Les dreadlocks restent une source de discrimination
couper les cheveux en 4•Difficile à caractériser et à condamner, le style capillaire reste une source de discrimination en entreprise (et ailleurs)Youssef Zein
Edit du 12 juillet 2024 à 15h15 : L'article a été mis à jour après les propos racistes qui ont visé le député Steevy Gustave à son arrivée à l'Assemblée nationale.
« T’es député toi ? Il faut te couper les cheveux. » Steevy Gustave, ancien producteur de rap, chorégraphe et par ailleurs ex-conseiller de Christiane Taubira, ne s'attendait pas à subir ce genre de remarques en pénétrant dans l'hémicycle. C'est pourtant l'accueil qui a été fait au nouveau député NFP pour son premier jour, le mercredi 10 juillet, à l'Assemblée nationale. Si Steevy Gustave a souhaité taire le nom de l'auteur de ces propos pour le moins déplacés, la réaction est d'autant plus étonnante qu'un texte contre la discrimination capillaire dans le monde du travail a été voté il y a quelques mois seulement au palais Bourbon. Car l'entreprise ne brosse pas toujours dans le sens de l'égalité. Quand ils sont crépus, notamment, les cheveux exposent leurs propriétaires à tout un tas de remarques et de clichés.
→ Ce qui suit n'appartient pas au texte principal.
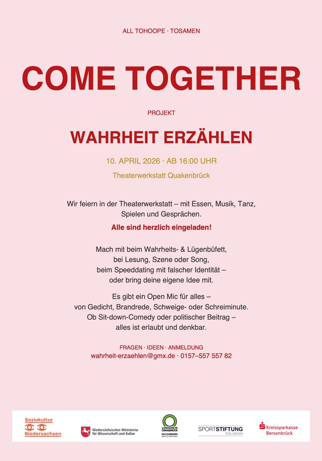 Alle aus und um Quakenbrück und aus WAHRHEIT ERZÄHLENsind eingeladen, das Fest aktiv mitzugestalten.

Au point que certains employeurs ne se privent pas de discriminer sur la base de la coupe de cheveux. A noter que cette discrimination concerne essentiellement les personnes dites « racisées » : « En France [...], les personnes non-blanches sont conscientes des discriminations qui pèsent sur leurs cheveux. Elles se coiffent en fonction de leur carrière professionnelle », expliquait la journaliste et autrice Rokhaya Diallo dans nos lignes, en avril 2023. Une étude menée en 2023 par Dove Crown Studies montre qu’aux Etats-Unis, un quart des femmes noires pensent avoir déjà été recalées à un entretien d’embauche à cause de leur coupe de cheveux. Johan Zenou, avocat en droit social au barreau de Paris, parle de l’émergence de cette discrimination comme une tendance récente, importée des Etats-Unis. Il observe qu’aux yeux de beaucoup d’employeurs, « ces coiffures donnent une impression de négligence ».
Une évolution des sensibilités
Les manifestations du racisme et des discriminations dans le monde du travail ne datent pas d’hier, mais ces histoires de cheveux sont contemporaines. Pour Johan Zenou, si les débats autour de cette discrimination sont relativement récents, c’est parce qu’« il y a encore quelques décennies, on ne rencontrait pas ce genre de situations. Les discriminations habituelles étaient plus portées sur l’origine, l’orientation sexuelle, l’apparence physique ou encore le poids. La notion de discrimination capillaire a vraiment pu émerger grâce à la jurisprudence de l’affaire Aboubakar Toure. »
Cette affaire remonte à 2022. Un steward, Aboubakar Toure, a obtenu gain de cause en cassation (après deux échecs en première et deuxième instance) face à son employeur Air France qui l’interdisait de travailler coiffé de dreadlocks. Au-delà de cette jurisprudence majeure, Johan Zenou voit un avant et un après #MeToo : « Dans ce contexte, les droits individuels et fondamentaux sont au centre des préoccupations. C’est dans la logique des choses que le législateur ait fini par se saisir de cette discrimination capillaire avec ce projet de loi. »
Un projet de loi crucial
En attendant que la loi passe, les potentiels discriminés ne peuvent pas tous se permettre d’assigner les employeurs en justice comme l’a fait le steward d’Air France. Pour l’heure, dans ce genre de conflits, le juge procède à des appréciations in concreto – au cas par cas – avec la jurisprudence d’Aboubakar Toure comme référence et garde-fou : « Les voix sont timides parce que les gens n’osent pas forcément aller aux prud’hommes », explique Johan Zenou. « Les procédures sont aussi longues que coûteuses. Et la chose est tellement difficile à caractériser qu’il est impossible d’être certain de l’issue d’un tel contentieux. Mais c’est important que les justiciables portent le sujet, car ils participent à sa jurisprudence et à sa conclusion légale », poursuit-il. Ce texte, s’il est voté, pourrait ainsi beaucoup mieux protéger les potentiels discriminés et permettre à ceux qui le désirent de porter des dreadlocks, ou quelconque coupe qu’ils désirent arborer en milieu professionnel. En l’état, ils doivent malheureusement trop souvent prendre le pli.